**Work to complete:** Since the pictures are not wanted, retype the listing below exactly and without them.

**Data segment:**

+ + + +

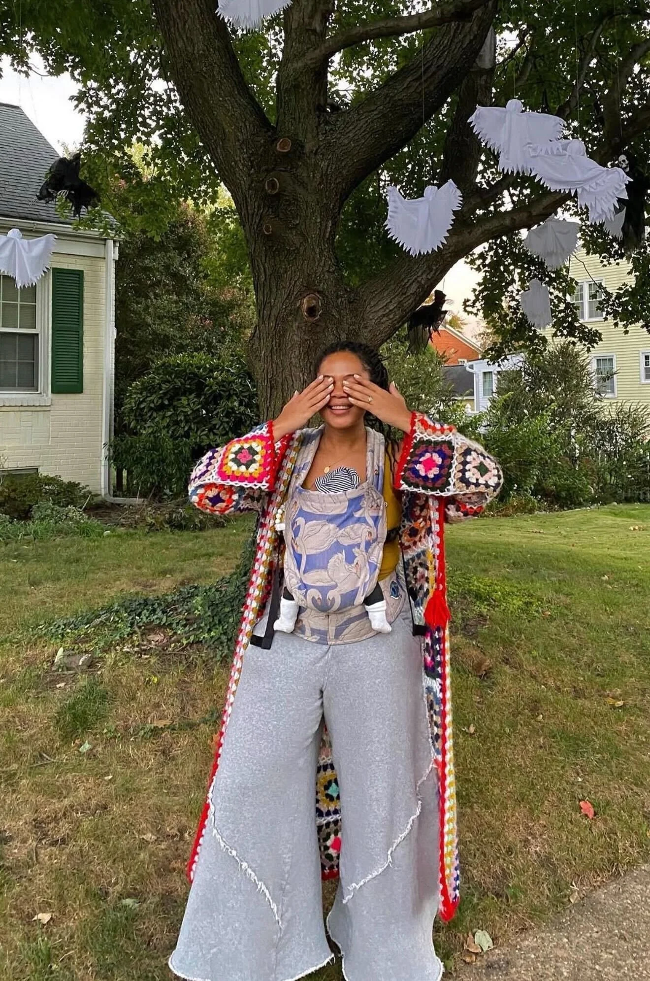 Wearing her happiness on her sleeve, literally
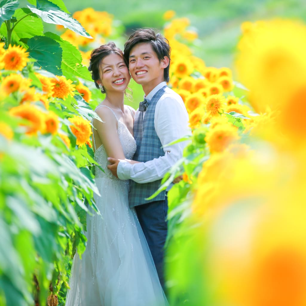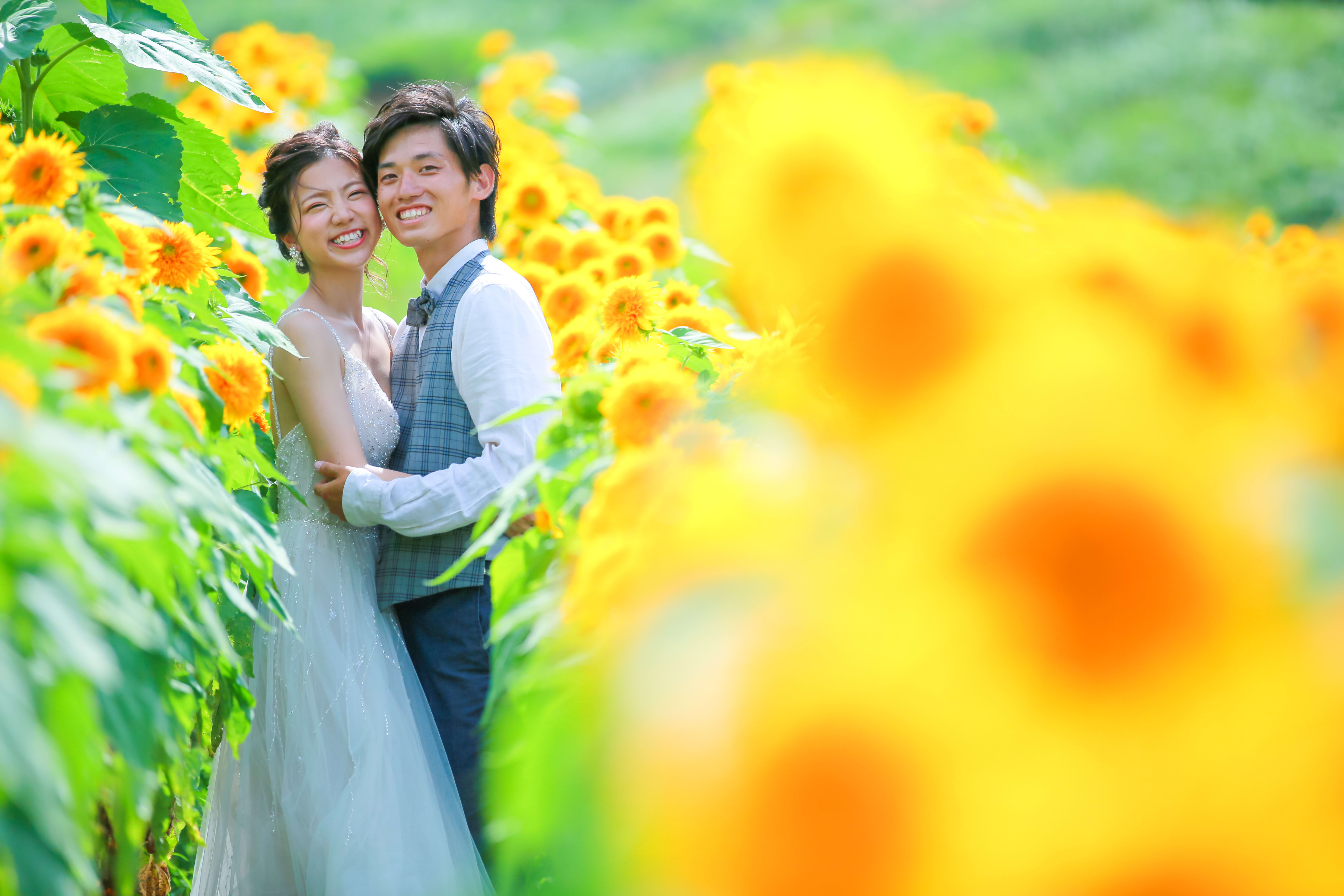 天を仰ぐ満開のひまわり畑のなかで出来合うお二人^^
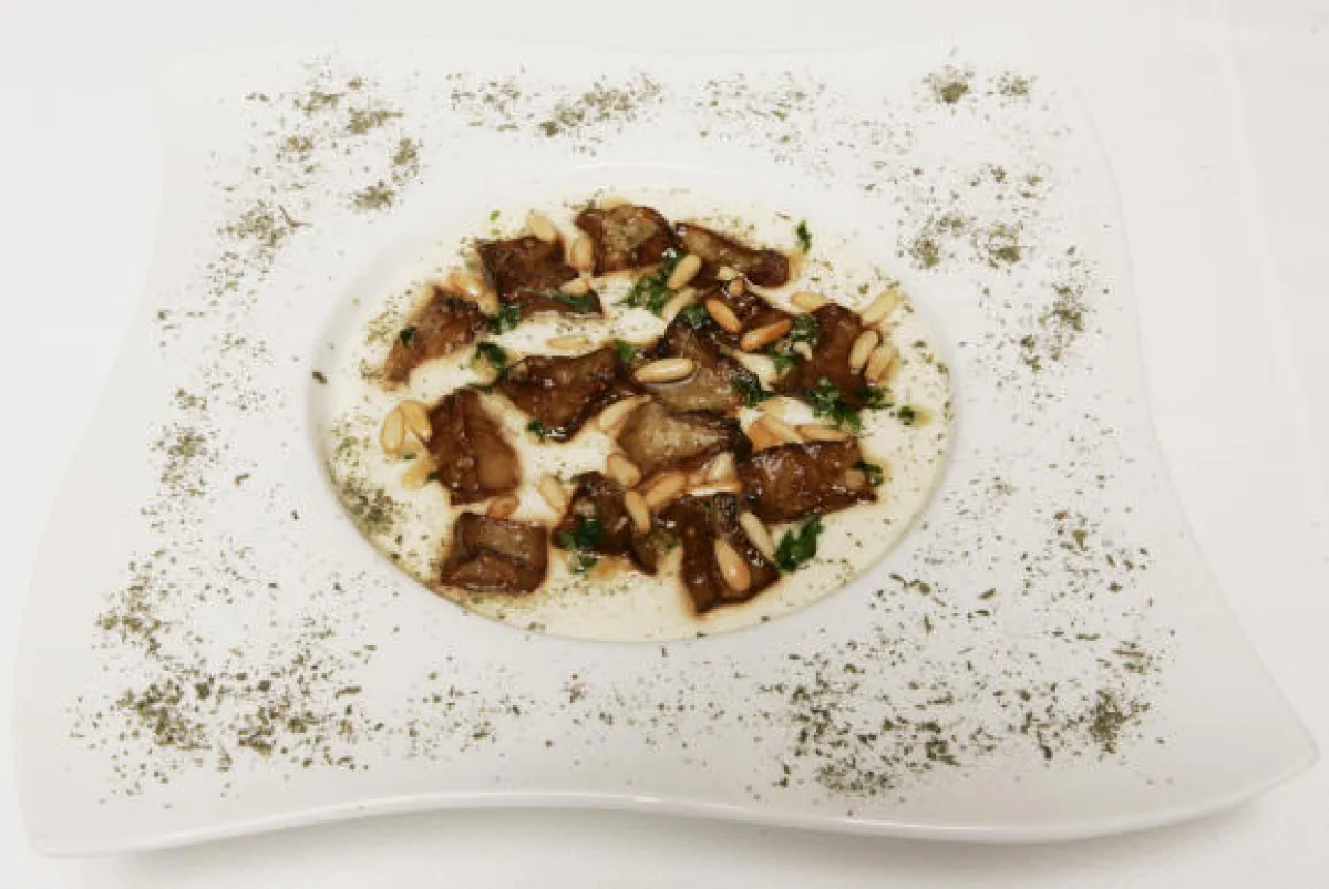 2- يقلى الباذنجان في الزيت النباتي حتى يصبح سمراء اللون. 3- نضع كيلو اللبن الممزوج بالملح والبهارات والبيض النيء والكريما والنعنع اليابس على النار الخفيفة لمدة 15 دقيقة حتى الغليان ومن ثم نضع البادنجان المقلي فوقهم.

+ + + +

**Task output:**
 Wearing her happiness on her sleeve, literally
 天を仰ぐ満開のひまわり畑のなかで出来合うお二人^^
 2- يقلى الباذنجان في الزيت النباتي حتى يصبح سمراء اللون. 3- نضع كيلو اللبن الممزوج بالملح والبهارات والبيض النيء والكريما والنعنع اليابس على النار الخفيفة لمدة 15 دقيقة حتى الغليان ومن ثم نضع البادنجان المقلي فوقهم.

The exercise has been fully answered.